Tłumy ludzi tej nocy nie spały. Przecisnąć się przez uliczki Starego Miasta było nie lada wyczynem. Wszystko przez Noc Kultury, jaka odbyła się w Lublinie.
Program Nocy Kultury od lat naszpikowany jest wydarzeniami związanymi ze sztuką w przestrzeni miejskiej. Nie inaczej było i w roku obchodów Wielkiego Jubileuszu 700-lecia Miasta Lublin.
Artyści stworzyli niezwykłe prace inspirując się historią i dziedzictwem miasta. Bramy, skwery i place stały się świetlistymi instalacjami, a uliczki Starego Miasta zaskoczyły nawet stałych bywalców.
Począwszy od deptaka na Krakowskim Przedmieściu, skończywszy na błoniach pod zamkiem, miasto było oświetlone przez różne instalacje. Abażury jakby z dawnych lamp zdobiły deptak, świetliste balony zawisły nad ulicą Grodzką. Do tego sztuka w wielu wydaniach, koncerty, spektakle, pokazy tańca. Niemal każdy zaułek lubelskiej starówki stał się przestrzenią sztuki.
- Noc kultury to niecodzienny klimat, gdzie tłumy ludzi do późnych godzin wędrują uliczkami. Jak mają nieco cierpliwości przysiadają w kafejkach i restauracjach, gdzie na miejsce czeka się w kolejce. To noc muzyki, podczas której można posłuchać wielu ciekawych wykonawców. To po prostu noc spotkania z innym obliczem miasta, które na co dzień ukryte jest w różnych instytucjach i zakamarkach. Dlatego od kilku lat staramy się nie przegapić tego wyjątkowego czasu - mówi Joanna Wolczyńska.

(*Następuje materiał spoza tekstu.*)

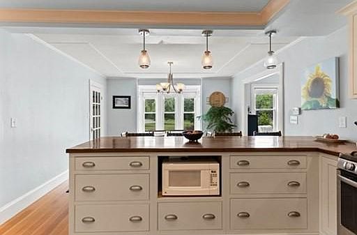 Lovingly maintained and beautifully updated New England Farmhouse with Detached Barn is set picture perfectly on 0.80 acres. The open floor combines the simplistic details of yesterday with all the modern conveniences of today. Remodeled kitchen is the gathering space & features off white solid maple cabinets, South American Cumaru countertops, Stainless Steel appliances, subway tiled backsplash, large peninsula with seating and pendant lights, farmhouse sink, coffee station and white oak floors. This space opens to the dining room with bay window with seat & oak floors. Front family room is a perfect area for entertaining. Amazing updated 1st floor bath with oversized shower; mutiple shower heads, marble subway tile, basketweave floor tile & quartz counters. Spacious Mudroom w/ closet. 2nd level w/laundry closet, remodeled bath & 3 bedrooms. Multi-level barn w/ parking underneath was completely rebuilt; art studio, home business or potential in-law some of possibilities.

Noc kultury to nie tylko zmienione nie do poznania ulice, ale i otwarte drzwi w wielu muzeach i instytucjach, jak choćby w Państwowy, Archiwum, Instytucie Pamięci Narodowej, czy Muzeum KUL.
Noc kultury łączy różne instytucje na pozór zajmujące się na co dzień zupełnie innymi dziedzinami, inspiruje do działania i przynosi wielką satysfakcję. Dowodem tego są tysiące ludzi, jakie tej nocy oblegają centrum Lublina.